According to the state’s Blue Book, over the two decades of its existence, the program spent over $500 million to acquire over 500,000 acres. State officials often work with land conservation groups who acquire the land with grants from the state and donations from individuals and use volunteer labor to maintain the land.
Just a year ago the Nature Conservancy purchased the “Twin Bluffs”, 161 acres of bluff land overlooking the Mississippi River village of Nelson. The land acquisition was made possible with a $300,000 grant from the Stewardship Program. Landowners sold land to the Nature Conservancy to protect the land including protection from sand mine development.
The state uses bonding authority – the sale of bonds is how the state takes on debt- to finance the Stewardship Program. Increasing debt was the justification for members of the budget writing committee to vote to cut the Stewardship Program.

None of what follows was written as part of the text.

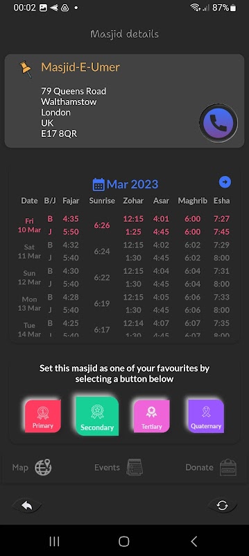 آپ کے پاس 3 اضافی مساجد تک داخل کرنے کی صلاحیت بھی ہے۔ اس طرح آپ ان مساجد کا ماہانہ ٹائم ٹیبل بھی چیک کر سکتے ہیں۔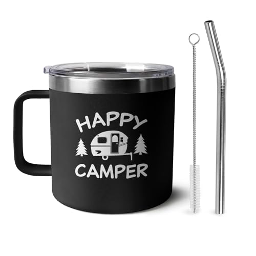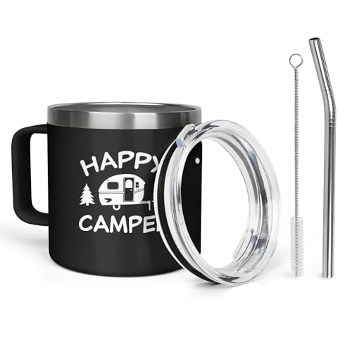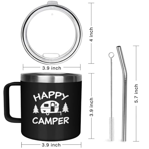 Ceovfoi 14 camper 14 oz Camping Coffee Mug Cup Vacuum Insulated Travel Tumbler with Handle Lid and Straw,Rv Camping Essentials Accessories

In a partisan vote, the committee trimmed funds by a little more than 20% in the first year of the coming budget and another 9% going forward. Land conservation groups were justifiably unhappy with the cuts.
But what they found more disturbing was the Finance Committee’s vote to require the state sell over 10,000 acres of Stewardship land in the next four years and require the sale of at least 250 acres more of farmland every year for the next seven years.
The Finance committee action will have conservation officials draw a line around the boundaries of projects established by May 1, 2013 and sell all land not within those boundaries and acquire no new land that is not within these boundaries.
In this rather cryptic description I was left to wonder what exactly the budget committee had in mind for land sales over the next few years.
Using increasing debt as the justification for the seeming shutdown of future projects may be the way Republicans obtain citizen support for the changes to the Stewardship program.
The gentleman who wrote to me about the Stewardship Fund shared his thoughts on spending:
“I voted Republican in the last election largely because I thought it was imperative to bring our state spending under control by making tough decisions. I still support that objective and the way it was done”.
That debt is climbing is indisputable. But conservation groups, like Gathering Waters Conservancy, argue the cause is not the Stewardship Fund. While state debt has increased, the program’s contribution to the debt remained relatively stable.
Cynics in the Capitol suggest there is another intent among leaders that has nothing to do with reining in state debt. Some allege there is a connection between the Governor’s request in the budget to sell off state assets in possible “no bid” contracts and the sale of thousands of acres of Stewardship land.
Clean Wisconsin, an environmental leader in the state, in a prepared statement, asked “What will they sell? The 400 acres of Stewardship land at Devil’s Lake? Protected parts of the Ice Age Trail? It’s disheartening and frustrating that the Legislature put stewardship back on the chopping block and now wants to sell off these precious resources to the highest bidder.”
I would argue that if the sale of state assets passes as written, there may be a sale – but it doesn’t have to be the highest bidder.
No conservation-minded Democrat or Republican should support a no-bid sale of state Stewardship land.